[Data entries]
──────

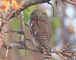 横斑腹小鸮:是鸱鸮科、小鸮属的一种鸟类。体长20厘米左右。面盘不明显,没有耳羽簇,皱领也不显著。…
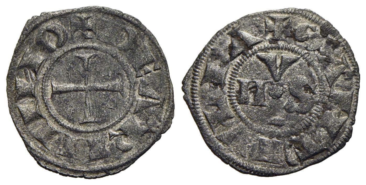 RIMINI - Autonome (1250-1385) - Denaro - Croce patente - R/ NVS attorno a globetto - (MI g. 0,56) NC CNI 29/32; MIR 1354
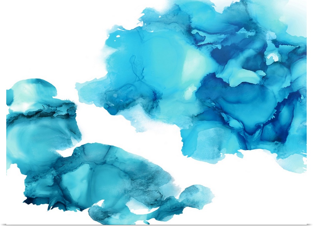 <p>Abstract painting with aqua hues splattered together on a white background.</p>
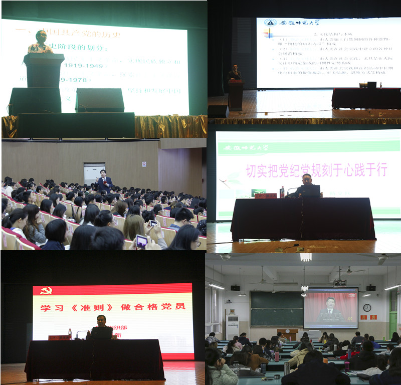 本期培训班紧紧围绕《中国共产党章程》、中央和学校发展党员工作的有关要求,合理设置教育培训内容,邀请了戴兆国、胡靖、高正礼、陈文兵、季爱新等专家领导就中国共产党的历史、社会主义核心价值观、党章党规党纪以及党内政治生活的若干准则等内容,集中在花津校区大礼堂举办专题辅导报告5场,在赭山校区、花津校区、皖江校区各开展党性教育专题视频教学3场以及带领学员开展自主学习。另外,培训班还充分利用新媒体优势建立小组微信群开展学习讨论。
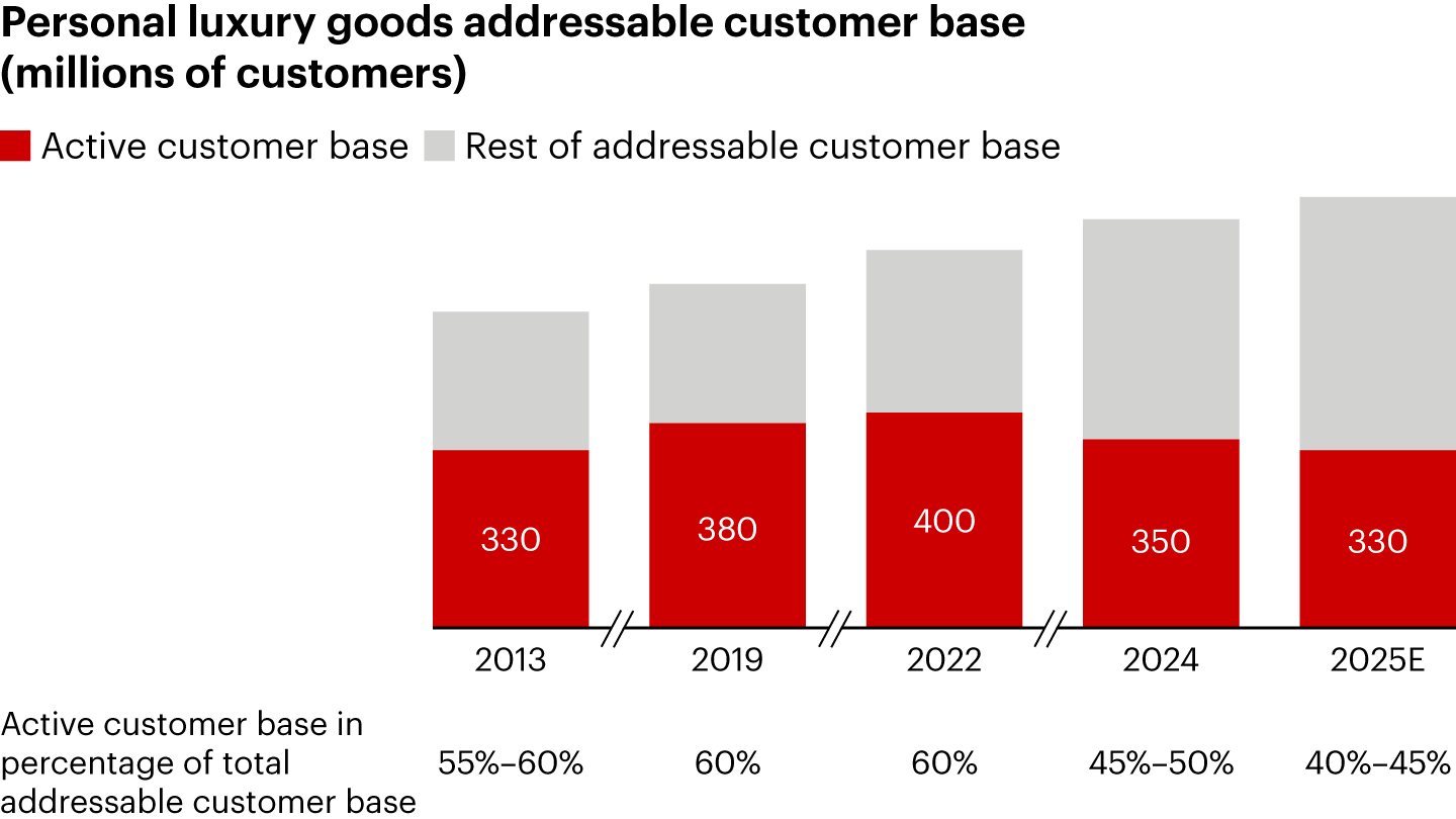 - Last year was the first time in 23 years of our tracking the industry that the luxury market lost customers. Unfortunately, that trend has continued. About 20 million consumers exited the market in 2025, bringing the global active client base to around 330 million, down from 400 million in 2022, effectively returning to its 2013 estimated size. This contraction is striking given that the overall addressable luxury market has expanded steadily from 2013. As a result, the share of addressable consumers who are active buyers is shrinking: Only 40% to 45% of the total addressable consumer base purchased personal luxury goods in 2025, compared to around 60% in 2022. Brand-level data mirrors this dynamic, with new client recruitment down about 5% vs. 2024.
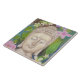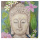 As flores bonito em um Buddha enfrentam em um azulejo.
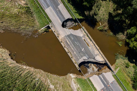 A heves esőzés miatt megáradt Rinya-patak leszakadt hídja a 68-as főút Böhönye és Segesd közötti szakaszán 2020. július 27-én.
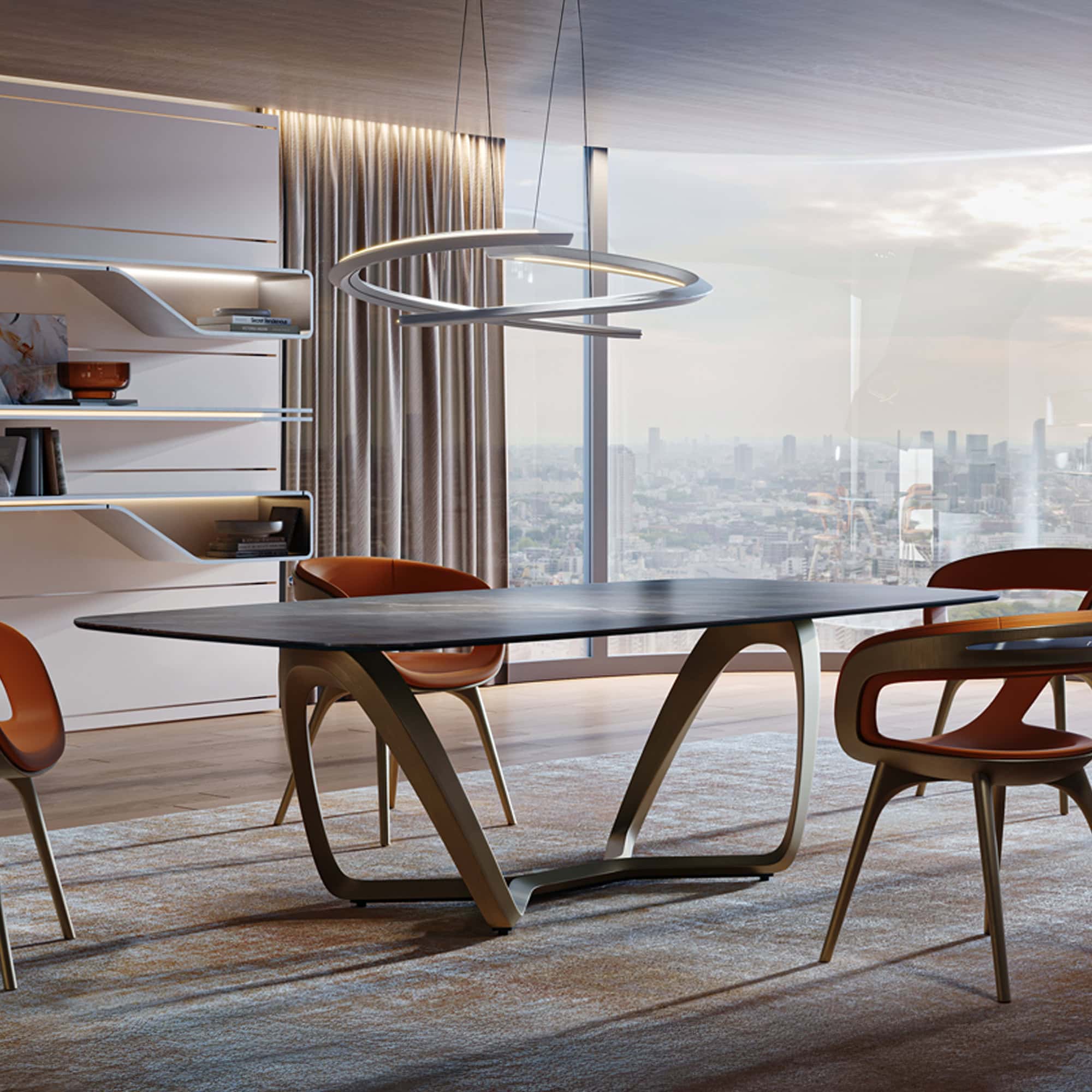 Designed with customization in mind, the Segno 72 offers various shapes and sizes, including rectangular and square-round versions. Paired with exquisite finishes such as polished edges, bevel wood, or the signature Marmoreflex and Legnoreflex glass, this table brings sophistication and functionality together. Its sculptural form and premium materials make it ideal for those seeking both durability and timeless style.
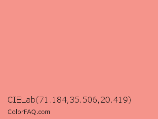CIELab 71.184,35.506,20.419 Color is a light red color and the nearest color is Geraldine #fb8989. Hex code #f5948b and RGB value is rgb(245,148,139). In RGB color space, this color is composed of 96% red, 58% green, 55% blue, In CMYK color space, this color is composed of 0% cyan, 40% magenta, 43% yellow , 4% black , In HSL color space, this color has a hue angle of 5° , 84% saturation and 75% lightness.
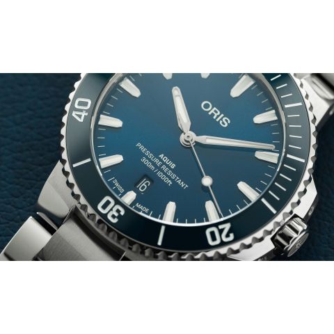Een Oris horloge model Aquis Date met een blauwe wijzerplaat en lunette en een stalen band.
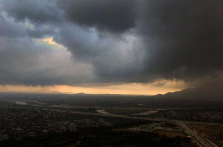 Heavy clouds gather over Putian as the tropical storm Wutip weakens to a tropical depression in East China's Fujian Province, August 9, 2007.Wutip, meaning "butterfly", is set to unleash gales and rain in Fujian and neighboring Zhejiang province from late Thursday through to Friday, Xinhua News Agency reported. [Xinhua] |
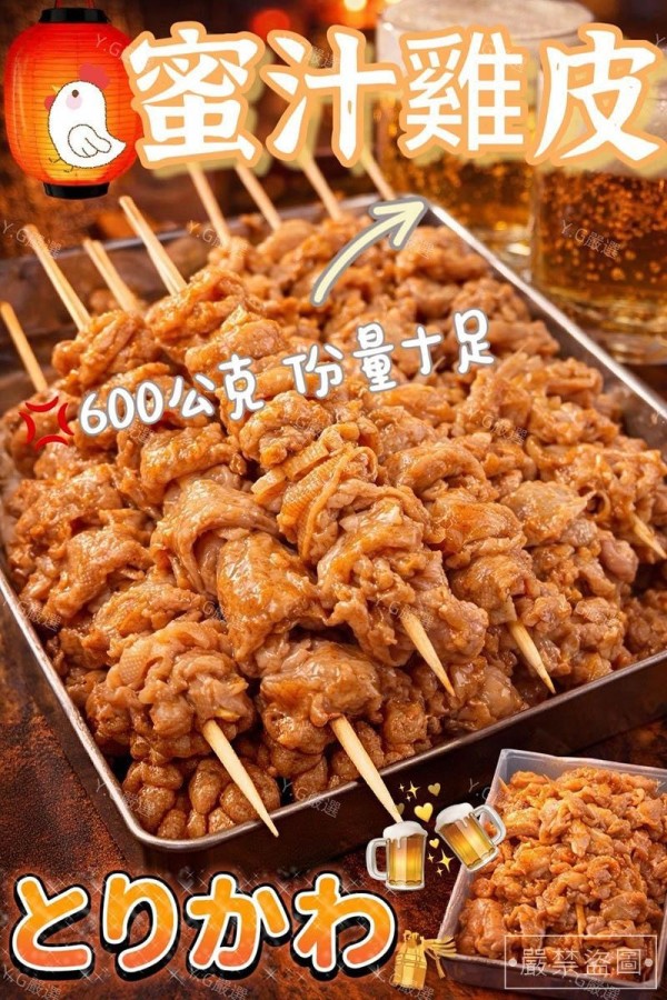 ✨嚴選雞皮,經過獨家比例蜜汁醃漬,甜而不膩、鹹香帶勁

──────

Print exactly the lines above that run from the one with "RIMINI - Autonome" down to the one with "Designed with customization", and omit the pictures.

 RIMINI - Autonome (1250-1385) - Denaro - Croce patente - R/ NVS attorno a globetto - (MI g. 0,56) NC CNI 29/32; MIR 1354
 <p>Abstract painting with aqua hues splattered together on a white background.</p>
 本期培训班紧紧围绕《中国共产党章程》、中央和学校发展党员工作的有关要求,合理设置教育培训内容,邀请了戴兆国、胡靖、高正礼、陈文兵、季爱新等专家领导就中国共产党的历史、社会主义核心价值观、党章党规党纪以及党内政治生活的若干准则等内容,集中在花津校区大礼堂举办专题辅导报告5场,在赭山校区、花津校区、皖江校区各开展党性教育专题视频教学3场以及带领学员开展自主学习。另外,培训班还充分利用新媒体优势建立小组微信群开展学习讨论。
 - Last year was the first time in 23 years of our tracking the industry that the luxury market lost customers. Unfortunately, that trend has continued. About 20 million consumers exited the market in 2025, bringing the global active client base to around 330 million, down from 400 million in 2022, effectively returning to its 2013 estimated size. This contraction is striking given that the overall addressable luxury market has expanded steadily from 2013. As a result, the share of addressable consumers who are active buyers is shrinking: Only 40% to 45% of the total addressable consumer base purchased personal luxury goods in 2025, compared to around 60% in 2022. Brand-level data mirrors this dynamic, with new client recruitment down about 5% vs. 2024.
 As flores bonito em um Buddha enfrentam em um azulejo.
 A heves esőzés miatt megáradt Rinya-patak leszakadt hídja a 68-as főút Böhönye és Segesd közötti szakaszán 2020. július 27-én.
 Designed with customization in mind, the Segno 72 offers various shapes and sizes, including rectangular and square-round versions. Paired with exquisite finishes such as polished edges, bevel wood, or the signature Marmoreflex and Legnoreflex glass, this table brings sophistication and functionality together. Its sculptural form and premium materials make it ideal for those seeking both durability and timeless style.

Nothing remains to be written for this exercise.